Disability access lawsuits against business and property owners have long been a hotbed for “drive-by” litigation in California. Pursuant to California Senate Bill 1186, the laws pertaining to disability access lawsuits in California have been modified in the hopes of curbing this practice. The new laws are summarized as follows:

The new law:

  1. Prohibits an attorney from sending property owners or tenants demand letters that request the payment of money or offer an agreement to accept money in lieu of filing a lawsuit;
  2. Requires that any demand letter or complaint identify the alleged violation in sufficient detail to allow a reasonable person to identify the basis for the alleged violation;
  3. Requires an attorney to provide a form written advisory with each demand letter or complaint; and
    (iv) requires attorneys to submit demand letters and complaints to the California Commission on Disability Access (CCDA) and to the California State Bar.

Reduction in Damages

The new law provides some monetary relief for business that have unintentional violations that they are willing to correct.
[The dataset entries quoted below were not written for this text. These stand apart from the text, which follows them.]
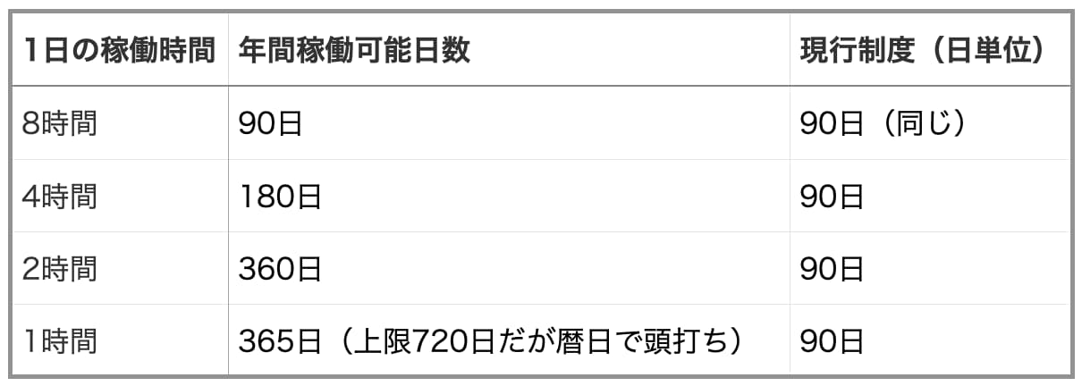事業用車1台分の枠(720時間)を1台の自家用車に集中投入した場合の稼働日数は、1日あたりの稼働時間で大きく変わる。
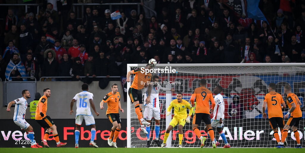 14 November 2021; Shane Duffy of Republic of Ireland contests a cross with Vahid Selimovic of Luxembourg during the FIFA World Cup 2022 qualifying group A match between Luxembourg and Republic of Ireland at Stade de Luxembourg in Luxembourg. Photo by Stephen McCarthy/Sportsfile
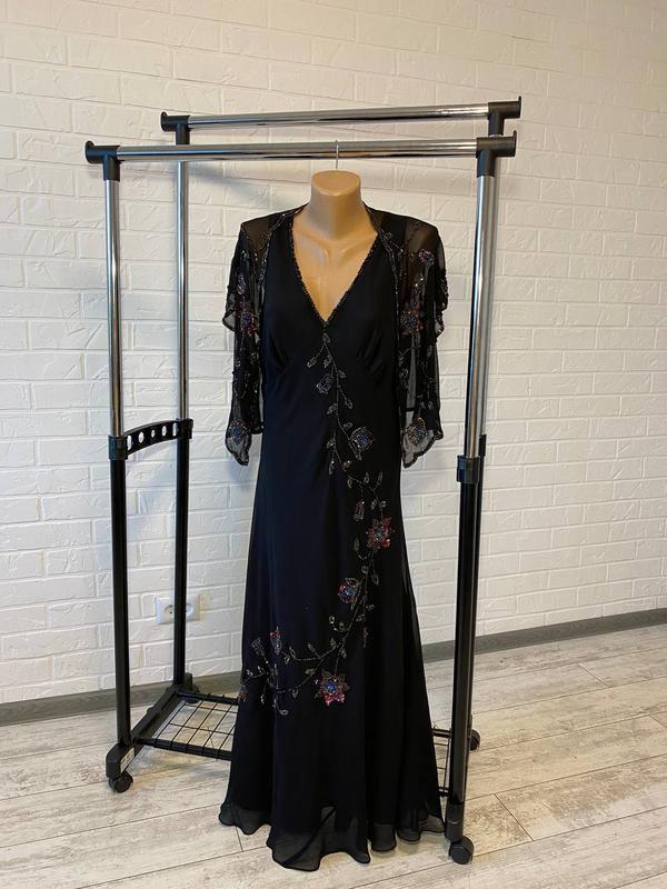 Вечернее длинное черное платье с вышивкой бисером, с накидкой
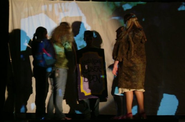 Der Schwarze Jäger belauscht Nico, Lisa und Johanna in der Schädelhöhle

The law reduces from $4,000 to $2,000 the minimum statutory damages for each unintentional violation if the defendant is a small business. For purposes of this law, a small business is defined as having 25 or fewer employees and no more than $3.5 million in gross annual receipts. The small business must also correct the alleged violations within 30 days of being served with the complaint.

Additionally, the law reduces from $4,000 to $1,000 the minimum statutory damage amount for each unintentional violation if: (i) the defendant corrects all violations within 60 days of being served with the complaint; and, (ii) other circumstances apply including, among others, a) the property was previously inspected by a Certified Access Specialist (CASp) prior to the date of the Plaintiff’s alleged encounter with the barrier to access, or b) the alleged violation pertains to new construction at the site that was approved pursuant to a local building permit and inspection process between January 1, 2008, and January 1, 2016.
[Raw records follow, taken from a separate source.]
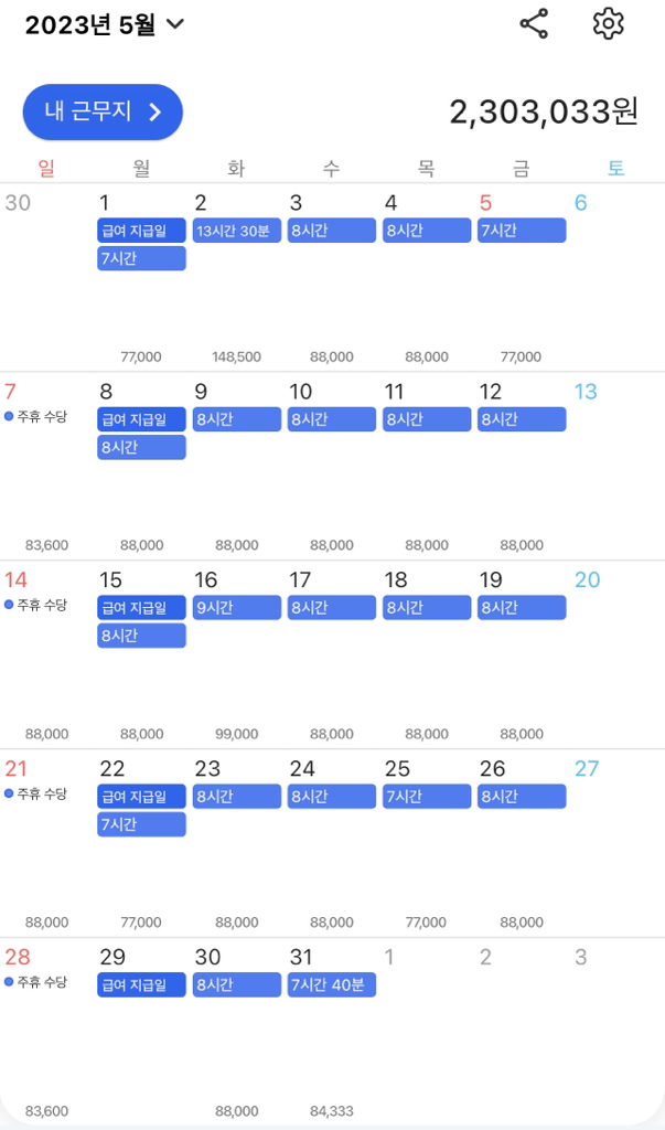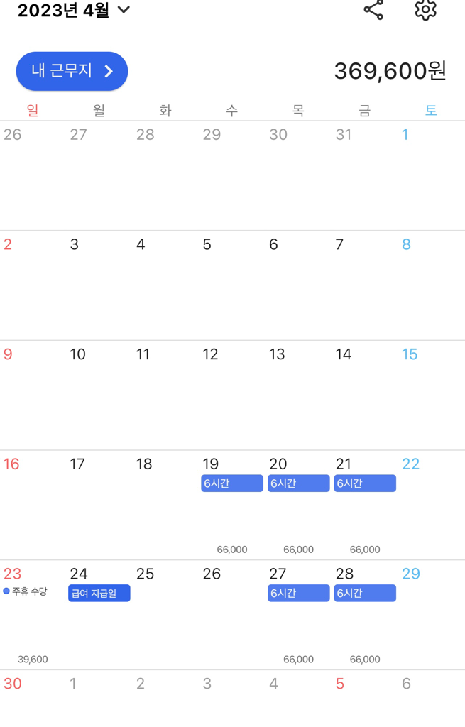 근무기간은 4/19~6/2일까지 근무했습니다.
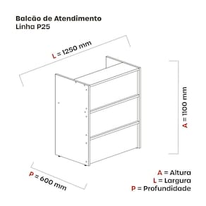 BALCÃO PARA RECEPÇÃO/ATENDIMENTO Tampo e pé MDPBP 25mm com bordas de PVC 2mm Painel frontal MDPBP 25mm com bordas de PVC 2mm e 0,45mm, ideal para recepcionar pacientes em clinicas ou clientes em conveniências. Acabamento da Prateleira: Melamínico Acabamento dos Pés: Polipropileno Altura: 110 cm Altura dos Pés: 3 cm Ambiente Principal: Escritório codigo_ean: 7909903371435 Complexidade da Montagem: Média: pode ser montado por mais de uma pessoa e/ou necessite de maior conhecimento para montagem Cor: Preto Cor do Produto: Preto Cor Interna: Preto Cor Predominante: Preto Escala de Brilho: Semi-Fosco Escala de Brilho da Prateleira: Semi-Fosco Estilo: Clássico Largura: 125 cm Linha ou Coleção: P25 Manual de Montagem e Instalação: https://product-hub-prd.madeiramadeira.com.br/652532/documents/620bc059-2266-44a7-9702-078e5319ca4f432848balcaodeatendimento1.pdf Material da Prateleira: MDP Possui Gavetas: Não Profundidade: 60 cm Suporta Até (kg): 30 kg Ean: 7909903371435
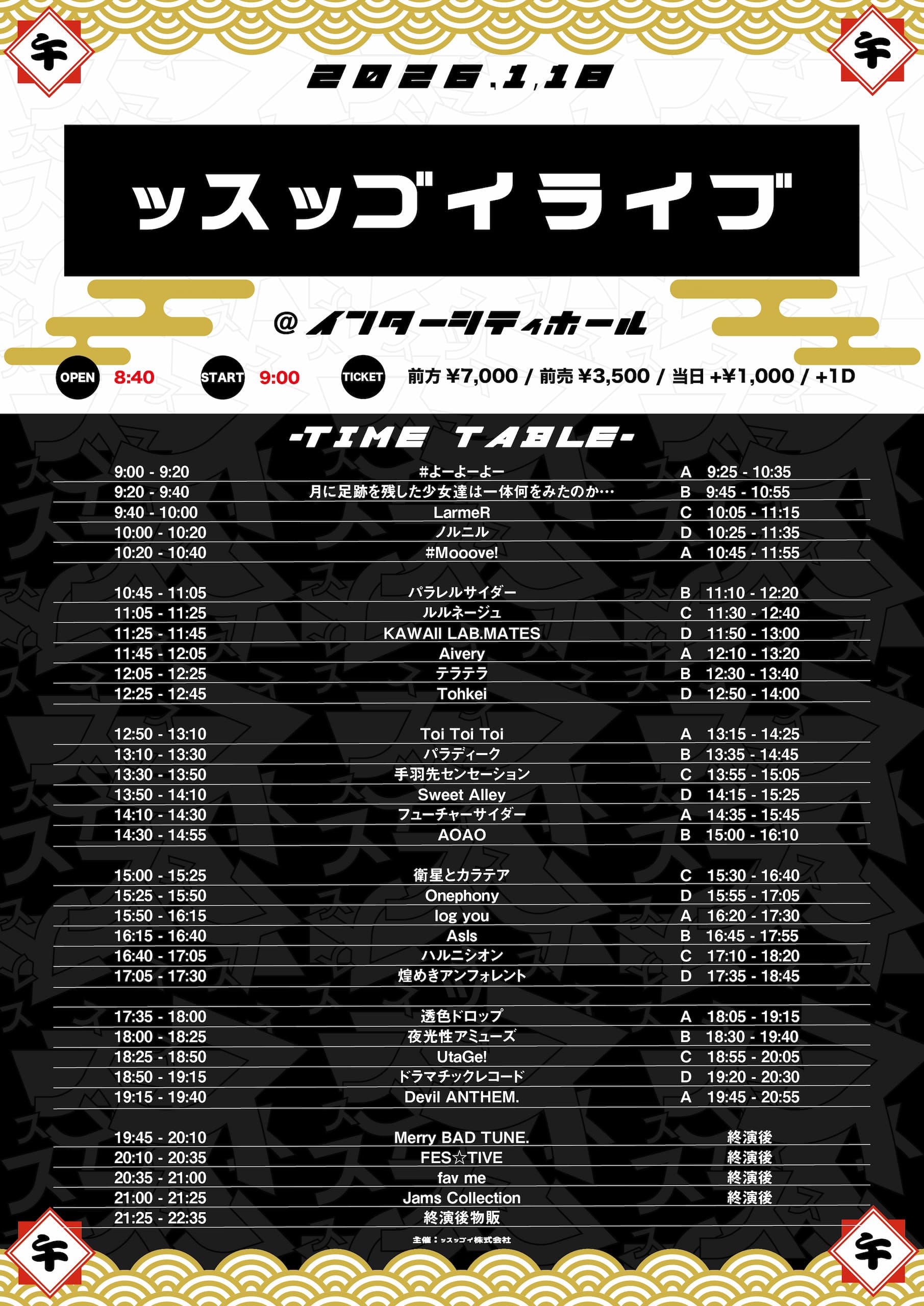 ・イベントなど開始時間、終了時間が変更になる可能性もございますので、予めご了承ください。

Request for Litigation Stay

Additional categories of defendants will now be able to request a stay of litigation and an early evaluation conference if:

  1. Their new construction was approved pursuant to a local building permit and inspection process between January 1, 2008, and January 1, 2016,
  2. Their new construction was approved by a local public building inspector who is a CASp, or
  3. they are a small business as defined above.

Multiple Claims for Same Violation

In assessing liability in any action alleging multiple claims for the same violation on different occasions, courts are now required to consider the reasonableness of the plaintiff’s conduct in light of plaintiff’s obligation, if any, to mitigate damages. This is intended to deter plaintiffs from repeatedly attempting to access the same property and encountering the same barriers for the sole purpose of enhancing their claim for statutory damages and fees.

Lease Requirements for Commercial Property Owners

The new law also requires commercial property owners to state on all lease forms or rental agreements executed on or after July 1, 2013, whether the property being leased had undergone an inspection by a CASp.


The new law provides benefits for small businesses by reducing the statutory damages if the access restrictions are remedied promptly. Additionally, the curb on pre-litigation shakedown demands will also benefit small business owners. Lastly, commercial property owners must be cognizant of incorporating the new lease language requirement into their leases after July 1, 2013.